As of June 30, 2014, the Company had approximately $2,700,000 of Federal, provincial and state net operating loss (“NOL”) carry forwards available to offset future years’ taxable income. Such carry forwards expire between 2027 and 2033. Due to a change in ownership as defined under Section 382 of the Internal Revenue Code due to share issuances exceeding 50%, these net operating losses will likely be limited to a nominal amount, annually. During the year ended June 30, 2014, the Company excluded NOLs prior to fiscal 2012 from its deferred tax assets. The Canadian NOL will be calculated using the Canadian tax rate of 26% compared to the U.S. tax rate of 36%.

 

The Company has not filed its United States Federal and State tax returns for the years ranging from June 30, 2011 - 2014. Management intends to comply with the requirements to file the tax returns upon raising capital. Failure to file the tax returns could result in penalties assessed against the Company. The Company has identified the United States as its "major" tax jurisdiction.  The United States Federal return years 2008 through 2011 are still subject to tax examination by the United States Internal Revenue Service; however, we do not currently have any ongoing tax examinations.

  

The Company is required to report compensation for its employees. During the years ended June 30, 2014 and 2013, the Company did not pay advances to the two officers. The Company has not reported these advances as wages subject to withholding of Federal and state income taxes.

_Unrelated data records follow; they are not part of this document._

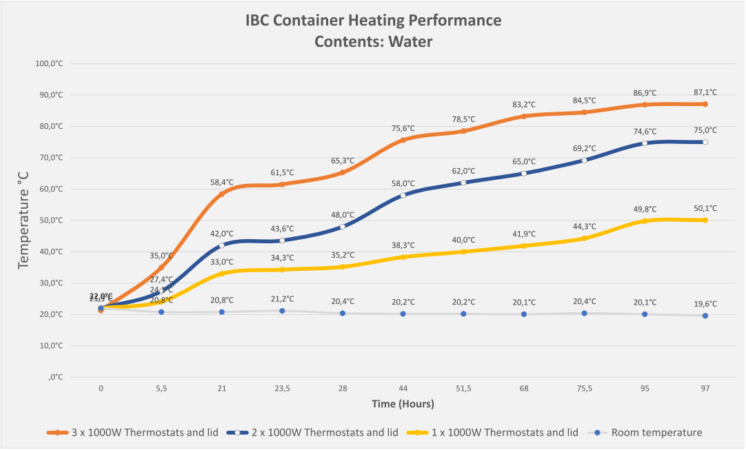 - Fűtés - fűtőköpeny és fedél - 1000 literes tartály vízzel +15°C-tól +30°C-ig: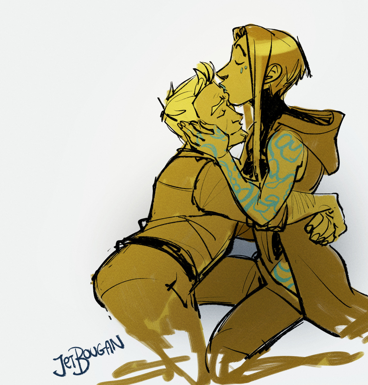 Once a year, I sell discount simplified commissions for the express purpose of drawing your faves kissing. Or not kissing - we actually operate on a loose definition of "ship" encompassing any relationships! Familial, platonic, hateshipping - it's all welcome, I love to hear about the vibes you're looking for. Also does not have to be your faves! OCs and yourself and/or partner are also okay. If I have reference, I can draw it!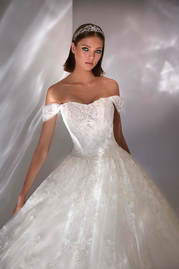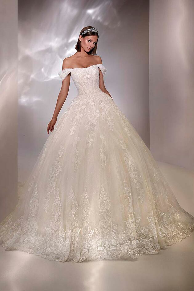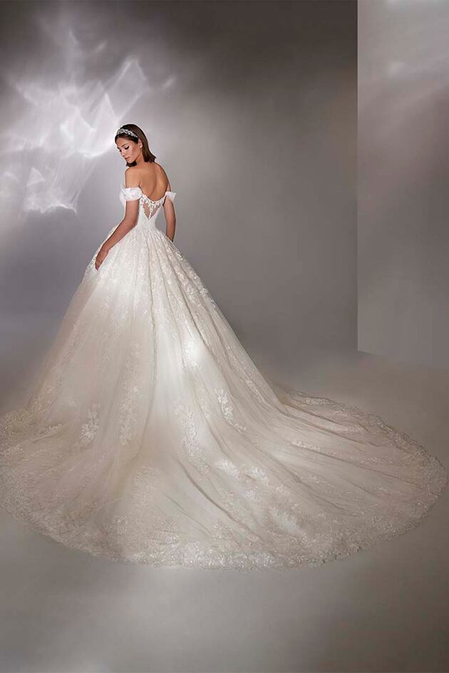 送料無料!ウエディングドレス オフショルダー 上品レース かわいい 華やかなトレーン プリンセスライン オーダードレス ハンドメイド エレガント 優雅 花嫁 結婚式/前撮り/二次会 セレモニー イブニングドレス 合コン パーティドレス ミディアムドレス | David1021k Dress(ダヴィドレス)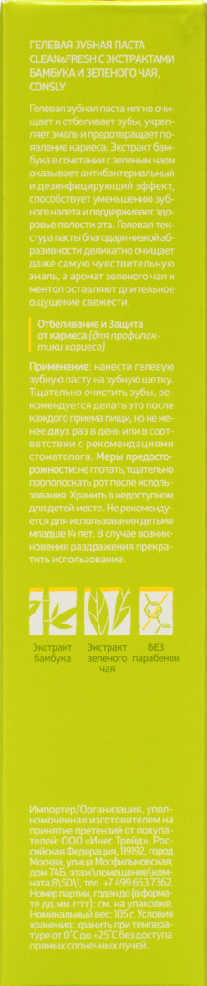Гелевая зубная паста мягко очищает и отбеливает зубы, укрепляет эмаль и предотвращает появление кариеса. Экстракт бамбука в сочетании с зеленым чаем оказывает антибактериальный и дезинфицирующий эффект, способствует уменьшению зубного налета и поддерживает здоровье полости рта. Гелевая текстура пасты благодаря низкой абразивности деликатно очищает даже самую чувствительную эмаль, а аромат зеленого чая и ментол оставляют длительное ощущение свежести. Способ применения: нанести гелевую зубную пасту на зубную щетку. Тщательно очистить зубы, рекомендуется делать это после каждого приема пищи, но не менее двух раз в день или в соответствии с рекомендациями стоматолога.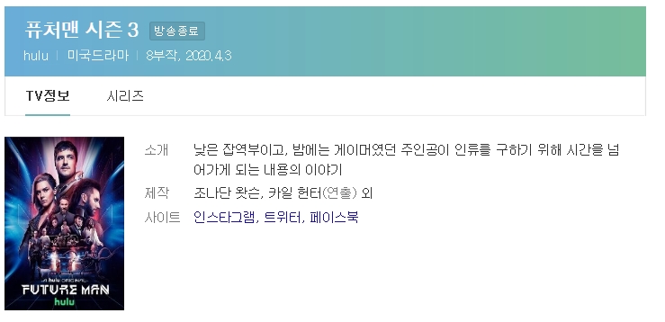 드라마 퓨처맨 Future Man 퓨처맨(Future Man) 시즌3 01화-08화.완결 vandals 2026.01.01 3,281 6.5G 퓨처맨(Future Man) 시즌3 01화-08화.완결퓨처맨(Future Man) 시즌3 01화-08화.완결 다운로드 1개 파일 Future.Man.S03E01.1080p..HULU.WEBRip.DDP5.1.x264-NT… 6.5G 다운 추천 618 북마크 공유 목록 Tags 퓨처맨 Future Man 시즌3 01화 08화 완결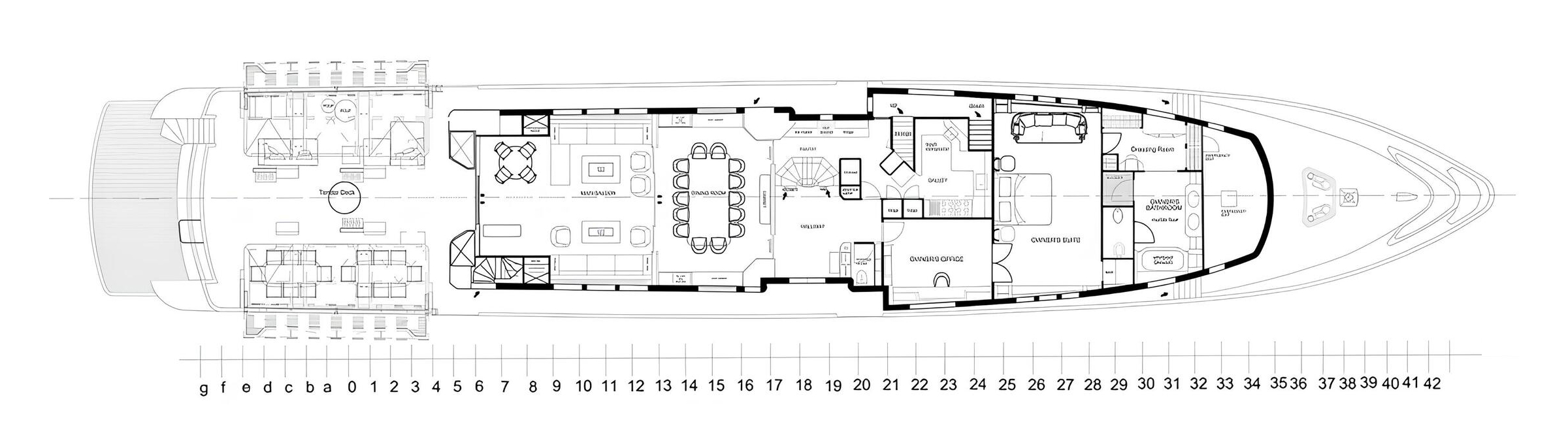 Outdoor decks were completely reimagined: the aft deck features drop-down balconies providing direct sea access, and the sundeck has been reinforced for helicopter landings. Modular furniture, flexible layouts, and teak finishes create functional, contemporary outdoor living spaces.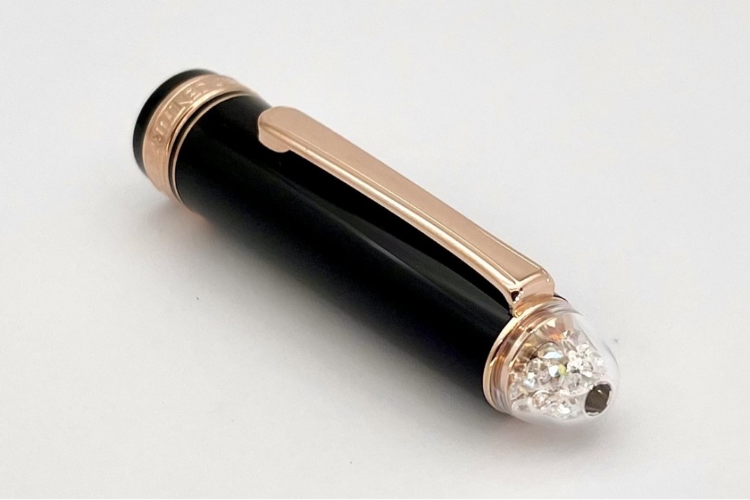 This black fountain pen is accented by rose gold trim and features a rose gold nib. This limited edition series will be available in 2.000 pieces worldwide.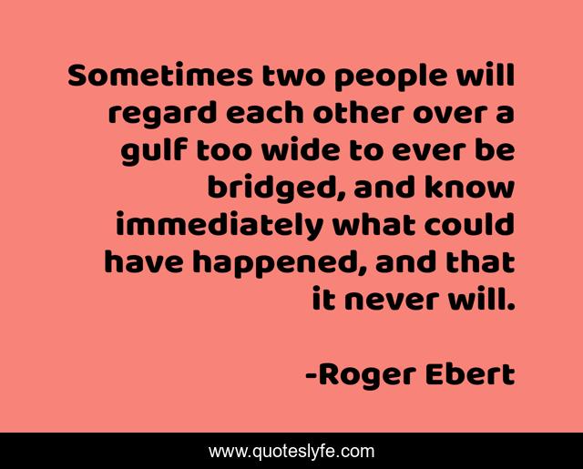 This page presents the quote "Sometimes two people will regard each other over a gulf too wide to ever be bridged, and know immediately what could have happened, and that it never will.". Author of this quote is Roger Ebert. This quote is about sadness, sad-but-true, love, affection,.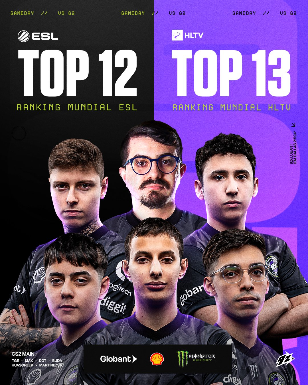 Tras nuestra histĂłrica participaciĂłn en la #IEM Dallas alcanzamos los tops 12 y 13 en los rankings de @ESLCS y @HLTVorg, logrando los puestos mĂĄs altos en la historia del club.#TodoVioleta pic.twitter.com/tazHPTo5WB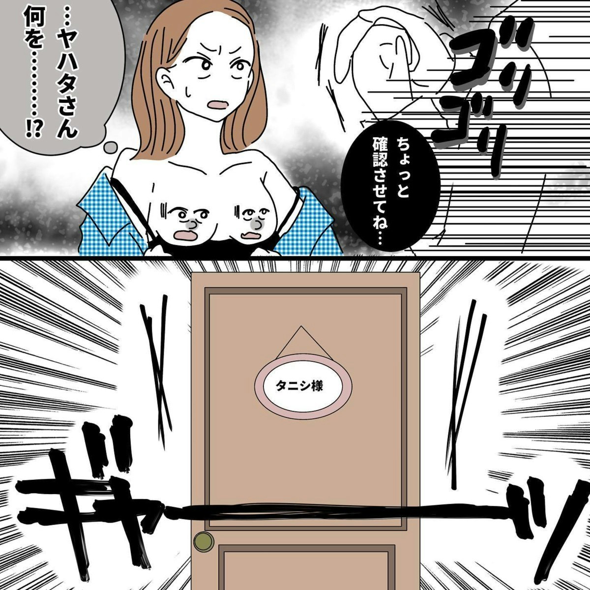 タニシさんの話をきいた助産師さんは、タニシさんのおっぱいを見てくれることに。助産師さんは赤ちゃんを取り上げるだけでなく、母乳のことやおっぱいのケアのこともよく知っているのです。

The Company may be subject to taxes, penalties and interest if such advances are not properly reported in a timely manner.

 

13.

Subsequent Events

 

On June 12, 2014, the Company entered into an agreement to enter into a multi-year license agreement for the CAPSA platform with NYG. This license, which is expected to be entered into in October 2014, will grant latitude to the Company to make modifications and further enhancements to the platform, which will be marketed as the Universal Mobile Interface. From July 1, 2014 through October 14, 2014 the Company raised funding in the amount of $395,000 through officer advances.